| Exercise details |
If a record holds a picture, leave the picture out and copy everything else exactly.
Dataset excerpts START
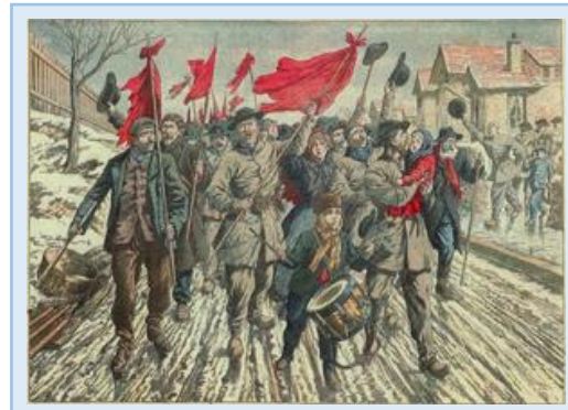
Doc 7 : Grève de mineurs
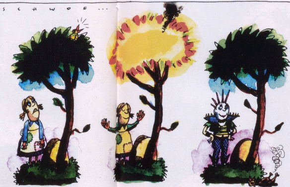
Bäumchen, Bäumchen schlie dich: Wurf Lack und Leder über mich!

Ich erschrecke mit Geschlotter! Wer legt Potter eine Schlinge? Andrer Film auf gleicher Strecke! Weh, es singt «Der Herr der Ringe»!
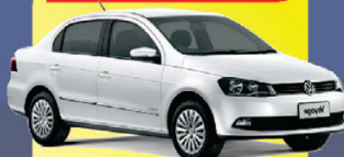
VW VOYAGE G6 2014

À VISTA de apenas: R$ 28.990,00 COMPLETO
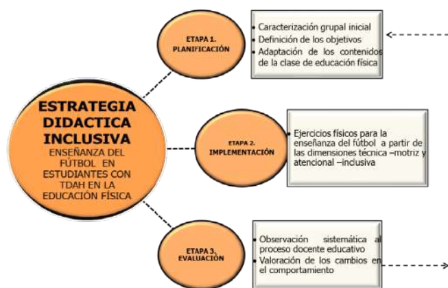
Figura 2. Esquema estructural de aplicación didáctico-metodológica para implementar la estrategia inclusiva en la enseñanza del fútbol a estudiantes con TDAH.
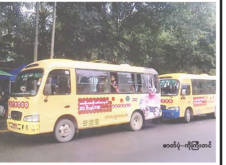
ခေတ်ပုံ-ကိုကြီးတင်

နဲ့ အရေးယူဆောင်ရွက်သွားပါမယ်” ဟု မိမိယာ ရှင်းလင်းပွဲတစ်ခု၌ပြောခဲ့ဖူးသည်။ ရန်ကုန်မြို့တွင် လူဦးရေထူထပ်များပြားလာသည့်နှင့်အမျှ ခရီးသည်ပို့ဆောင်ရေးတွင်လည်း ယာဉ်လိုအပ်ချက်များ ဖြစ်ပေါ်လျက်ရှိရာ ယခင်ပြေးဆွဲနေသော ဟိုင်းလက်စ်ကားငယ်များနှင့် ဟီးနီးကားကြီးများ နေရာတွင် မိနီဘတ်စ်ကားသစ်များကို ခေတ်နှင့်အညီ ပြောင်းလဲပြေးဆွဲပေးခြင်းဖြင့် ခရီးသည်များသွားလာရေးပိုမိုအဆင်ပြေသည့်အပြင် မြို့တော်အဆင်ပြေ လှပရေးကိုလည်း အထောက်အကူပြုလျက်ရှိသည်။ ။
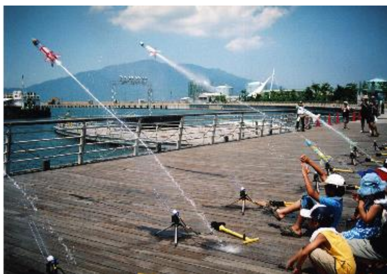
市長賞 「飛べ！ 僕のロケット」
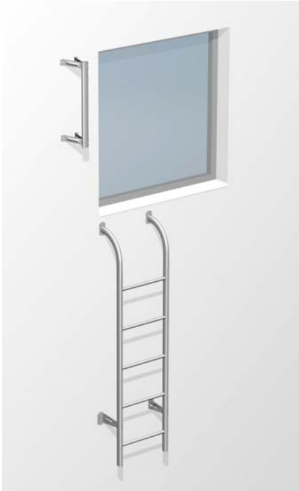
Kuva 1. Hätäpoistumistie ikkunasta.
Dataset excerpts END
| Written response |
Doc 7 : Grève de mineurs
Bäumchen, Bäumchen schlie dich: Wurf Lack und Leder über mich!

Ich erschrecke mit Geschlotter! Wer legt Potter eine Schlinge? Andrer Film auf gleicher Strecke! Weh, es singt «Der Herr der Ringe»!
VW VOYAGE G6 2014

À VISTA de apenas: R$ 28.990,00 COMPLETO
Figura 2. Esquema estructural de aplicación didáctico-metodológica para implementar la estrategia inclusiva en la enseñanza del fútbol a estudiantes con TDAH.
ခေတ်ပုံ-ကိုကြီးတင်

နဲ့ အရေးယူဆောင်ရွက်သွားပါမယ်” ဟု မိမိယာ ရှင်းလင်းပွဲတစ်ခု၌ပြောခဲ့ဖူးသည်။ ရန်ကုန်မြို့တွင် လူဦးရေထူထပ်များပြားလာသည့်နှင့်အမျှ ခရီးသည်ပို့ဆောင်ရေးတွင်လည်း ယာဉ်လိုအပ်ချက်များ ဖြစ်ပေါ်လျက်ရှိရာ ယခင်ပြေးဆွဲနေသော ဟိုင်းလက်စ်ကားငယ်များနှင့် ဟီးနီးကားကြီးများ နေရာတွင် မိနီဘတ်စ်ကားသစ်များကို ခေတ်နှင့်အညီ ပြောင်းလဲပြေးဆွဲပေးခြင်းဖြင့် ခရီးသည်များသွားလာရေးပိုမိုအဆင်ပြေသည့်အပြင် မြို့တော်အဆင်ပြေ လှပရေးကိုလည်း အထောက်အကူပြုလျက်ရှိသည်။ ။
市長賞 「飛べ！ 僕のロケット」
Kuva 1. Hätäpoistumistie ikkunasta.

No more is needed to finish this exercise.